The first time I met my dad I was 8, and I didn’t really have contact or a real connection with him until I was 18. As much as I know that my dad loves me, he never showed it or made me feel like he loved me until I showed up as an adult and put in the work to build a connection with him so he could truly love me. He was emotionally unavailable. I felt like I had to show him that I was worth loving by putting in all the effort; I would fly to him, I would call him, I would ask him, I would tell him, I would plan the father-daughter dates etc. I had to work for this relationship. I had to have courage to be able to enter this relationship. I had to fight to feel seen; I had to fight to experience his love.

As an adult, I was dying for the validation of my dad. What could I do to make him see me so I could prove to him that I was worth loving? I had to make it happen to experience a connection. I had to give love to feel love. Because as much as I know he has always loved me, he did leave me right after I was born. He chose me by putting me on this earth, but didn’t really choose to be my father until I worked hard for it (or at least that’s how it felt for me). And this is the feeling which is familiar for me. This is the feeling that gave me my first experience of a connection with a male: one who loved me but left me. Sounds pretty emotionally unavailable to me.

So, the more emotionally unavailable the men are that I’m attracted to, the more I become drawn in. And just because this feeling feels familiar, I had to come to terms with the idea that this doesn’t mean it is the right feeling. I also realized most of them are just as broken, unhealed and dealing with mommy issues, which made them, at the time, the “perfect match” for me.

This is the year I no longer romanticize any lover who fails to be emotionally available. I no longer idealize a lover who fails to communicate with care. I no longer go out of my way to prove to someone my worth. You either see me, or you don’t. You either love me or you don’t. You either choose me or you don’t. Just like dance, I’m either for you or I’m not.

I’m so grateful for growth. I’m grateful for realizing that I’m just as responsible for these painful outcomes as these men are. If I choose to no longer give emotionally unavailable men access to me, they no longer can have a negative effect on me. And through that choice alone, I open the doors to the emotional availability for myself, which therefore will attract emotionally available men into my life.
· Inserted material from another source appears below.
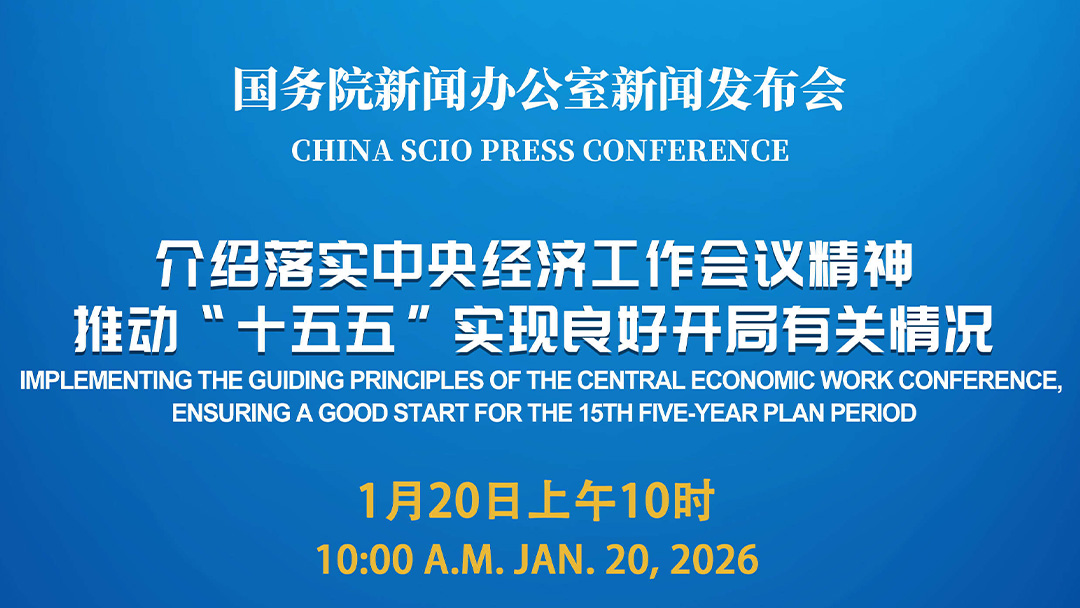 国务院新闻办公室于2026年1月20日(星期二)上午10时举行新闻发布会,请国家发展改革委副主任王昌林介绍落实中央经济工作会议精神,推动“十五五”实现良好开局有关情况,并答记者问。

I will no longer convince somebody of my love but I will attract love through my self-love. I realized; I needed a perspective shift: authenticity over mystery. Just because my relationship with my dad was challenging yet became valuable doesn’t mean that something has to be challenging to become valuable. Something can simply be valuable, yet have some challenges. A whole different approach.

I believe there is nothing more beautiful than being with someone who gets you, understands you, sees you, and loves you without reservations. Someone who wants to be available, someone who wants to be around you, someone who is not afraid to show their love for you. Like a friend of mine shared with me: “Solange, you don’t want the spark, you want the fireplace.”

If this relates with you, then I hope this is a reminder for you to take a step back. Move yourself into spaces where you feel welcome instead of having to prove your worth to be welcomed in or worthy to be loved. Do your inner work, face your deepest pains, be honest with yourself and simply give all that love you so freely give away, back to you. Surround yourself with the people who are naturally drawn to you and who make you feel better instead of leaving you feeling worse. Be with the people who want to be with you. Be with the people who make time and space for you. Be with the people who are healthy for you. The best part of trial and fail is that you can’t unlearn your lessons. Once you’re awake, the alarm bells will go off sooner and sooner and you’ll be able to see sooner rather than later the green lights and recognize the red flags.

P.S. I’m not saying emotionally unavailable people can’t love you; they will just never love you enough to truly choose you, as they simply love their own lifestyle more. It’s as easy as that. (So easy, it only took me 33 years to figure out. Oops!)